START Data below

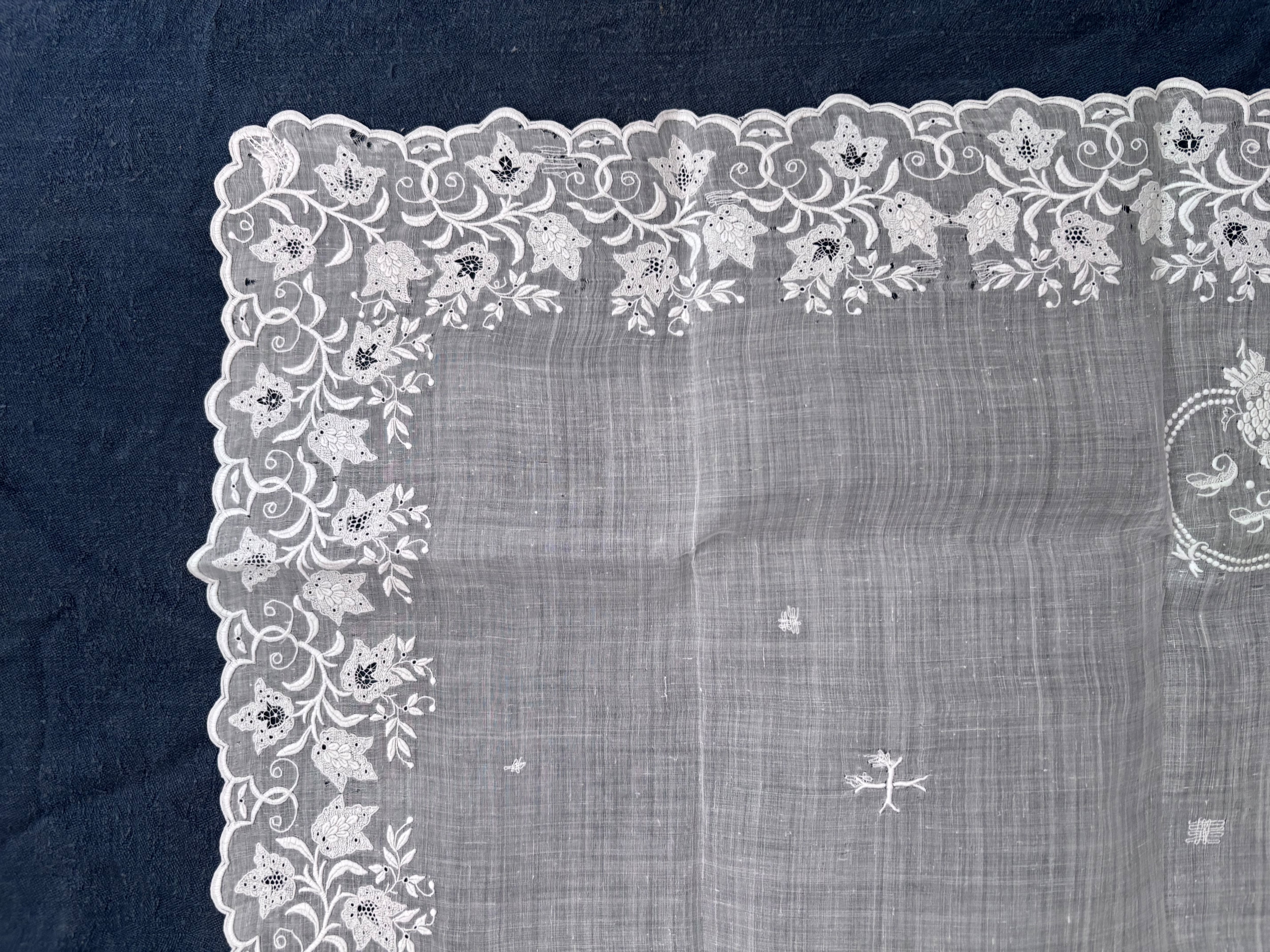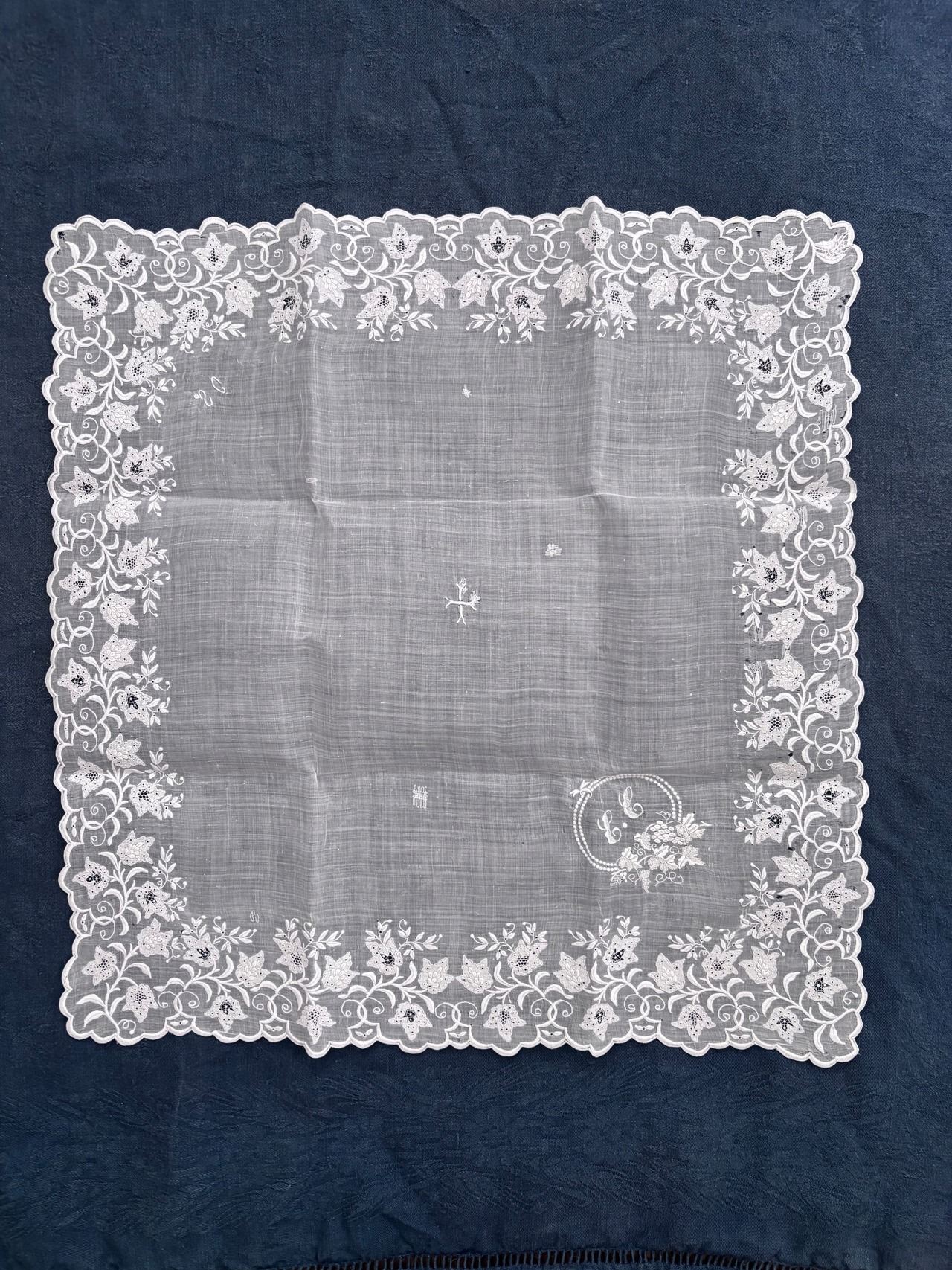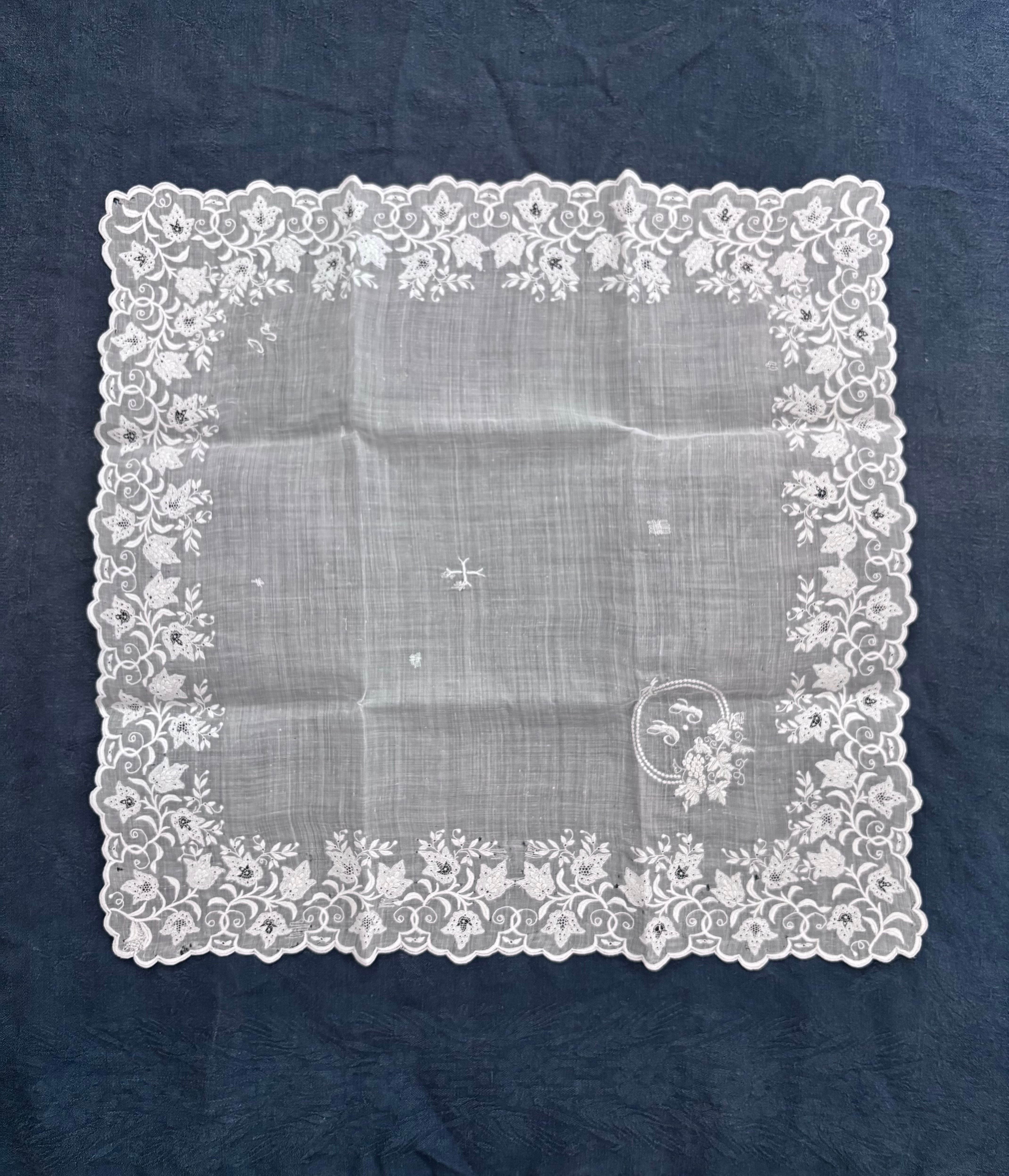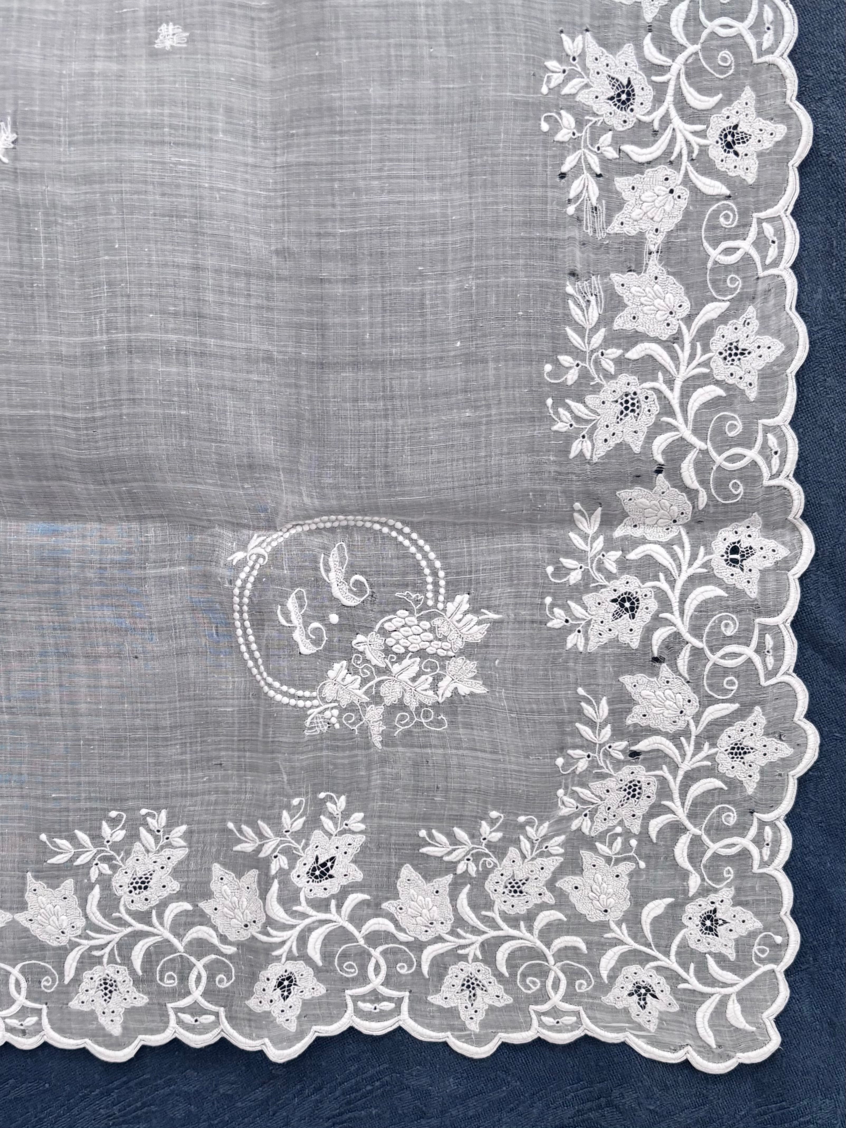 細かな機械刺繍とスカラップの縁取りが、優雅な雰囲気です。
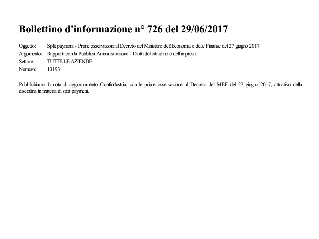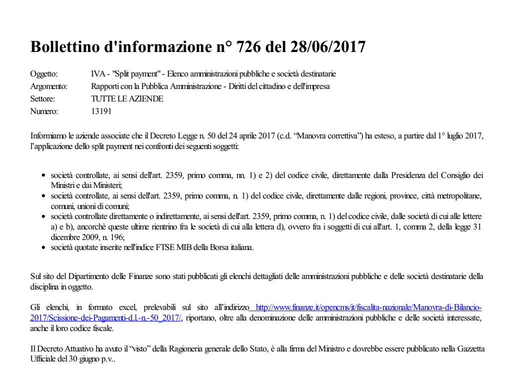 Decreto split payment 13 luglio 2017: nota di aggiornamento Confindustria
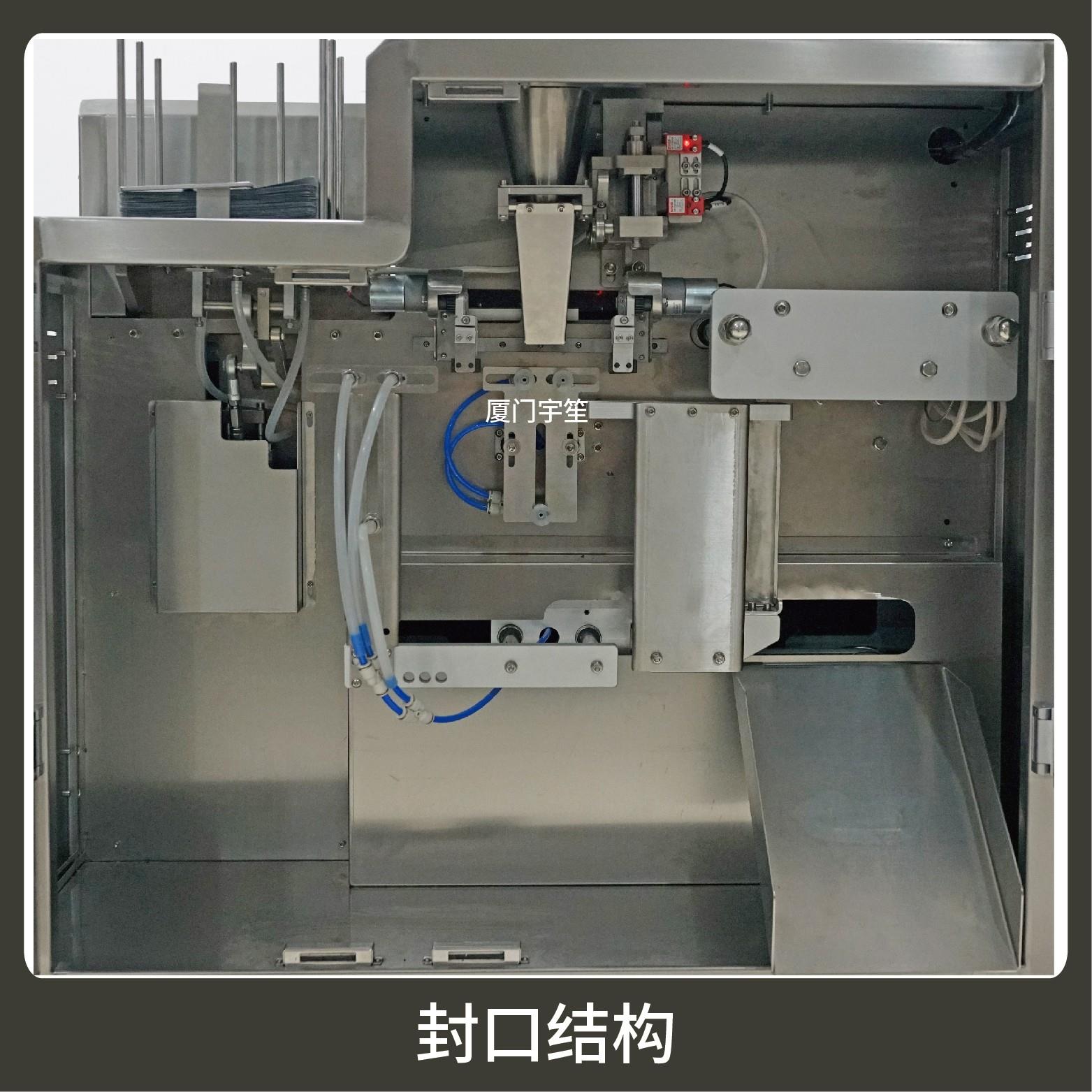 2、調試方便,占用空間小。包裝流程全自動,無需人工操作。可根據充填物料的性質選配不同的下料結構。

END Data below

Only the lines from the one containing "Decreto split payment" to the end of the listing belong in the answer, exactly as they stand and with no pictures.

 Decreto split payment 13 luglio 2017: nota di aggiornamento Confindustria
 2、調試方便,占用空間小。包裝流程全自動,無需人工操作。可根據充填物料的性質選配不同的下料結構。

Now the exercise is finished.